[Opening SOURCE INFORMATION section]

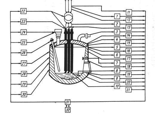 1 — устройство для измерения расхода активной энергии; 2 — устройство для измерения среднеквадратичных токов; 3 — устройства для измерения расхода, температуры и состава отходящих газов; 4 — устройство для измерения положения кислородной фурмы; 5 — устройство для определения состава стали и шлака; 6 — устройство дли измерения расхода газа и кислорода на горелки; 7 — устройство для измерения температуры футеровки; 8 — устройство для измерения температуры металла в ванне печи; 9 — устройства для измерения расхода, давления и температуры воды; 10 - устройство для измерения положения электродов; 11 — устройство для измерения расхода реактивной энергии; 12 — устройство для измерения коэффициента мощности; 13 — устройства для измерения активной и реактивной мощности; 14 — устройства для измерения расхода, давления и количества кислорода; 15 — устройство для взвешивания ферросплавов; 16 — устройство для измерения перепада температур воды на входе и выходе охлаждаемых элементов; 17 — устройство для измерения давления и расхода газа; 18 — устройство для взвешивания металлизованных окатышей; 19 — весы для взвешивания скрапа; 20 — устройство для взвешивания шлакообразующих и заправочных материалов; 21 — устройство для взвешивания жидкого металла в ковше; 22 — система автоматического управления (САУ) электрическим режимом; 23 — регулятор мощности; 24 — САУ весовым дозированием металлизованных окатышей; 25 — САУ весовым дозированном ферросплавов и шлакообразующих; 26 — САУ продувкой ванны кислородом; 27 — система регулирования давления газов под сводом печи; 28 — САУ весовым дотированием компонентов металлошихты; 29 — САУ химическим составом металла и шлака; 30 — система измерения времени плавки и технологических интервалов; 31 — система сбора и обработки информации; 32 — УВМ.
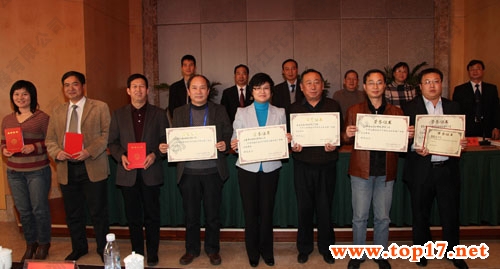 图为:为张文君等58位同志为中国农业技术推广协会特聘专家并颁发专家代接受聘书
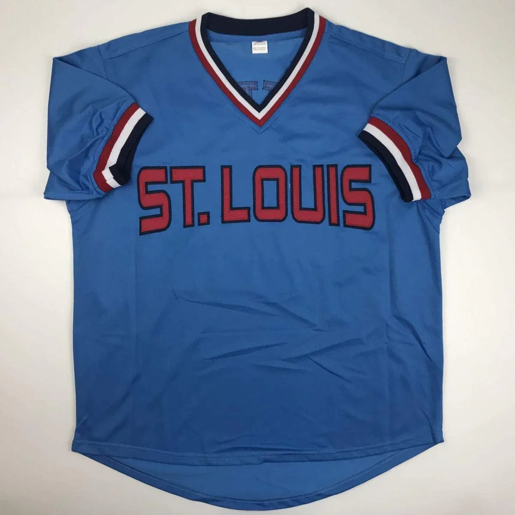 Autographed/Signed Bruce Sutter HOF 06 St. Louis Blue Baseball Jersey JSA COA
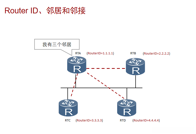 OSPF路由器之间必须传递链路状态数据以及路由数据,在传递这些数据之前路由器之间首先要创建邻接关系。 邻居(Neighbor):
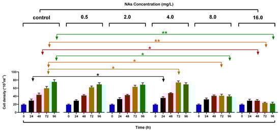 The growth curve of Heterosigma akashiwo exposed to NAs at different concentrations with different times. Data are expressed as mean ± SD. * and ** indicate statistical differences between the different NAs treatment groups at the same time, assessed according to one-way ANOVA and Dunnett’s T3 post hoc test (p < 0.05). * indicates p < 0.05. ** indicates p < 0.01.

[Closing SOURCE INFORMATION section]

## WORK TASK
Your task is to retype the lines running from the one that contains "OSPF路由器之间必须传递链" through the end of the records, and nothing else. Pictures are not part of the copy.

## TASK OUTPUT
 OSPF路由器之间必须传递链路状态数据以及路由数据,在传递这些数据之前路由器之间首先要创建邻接关系。 邻居(Neighbor):
 The growth curve of Heterosigma akashiwo exposed to NAs at different concentrations with different times. Data are expressed as mean ± SD. * and ** indicate statistical differences between the different NAs treatment groups at the same time, assessed according to one-way ANOVA and Dunnett’s T3 post hoc test (p < 0.05). * indicates p < 0.05. ** indicates p < 0.01.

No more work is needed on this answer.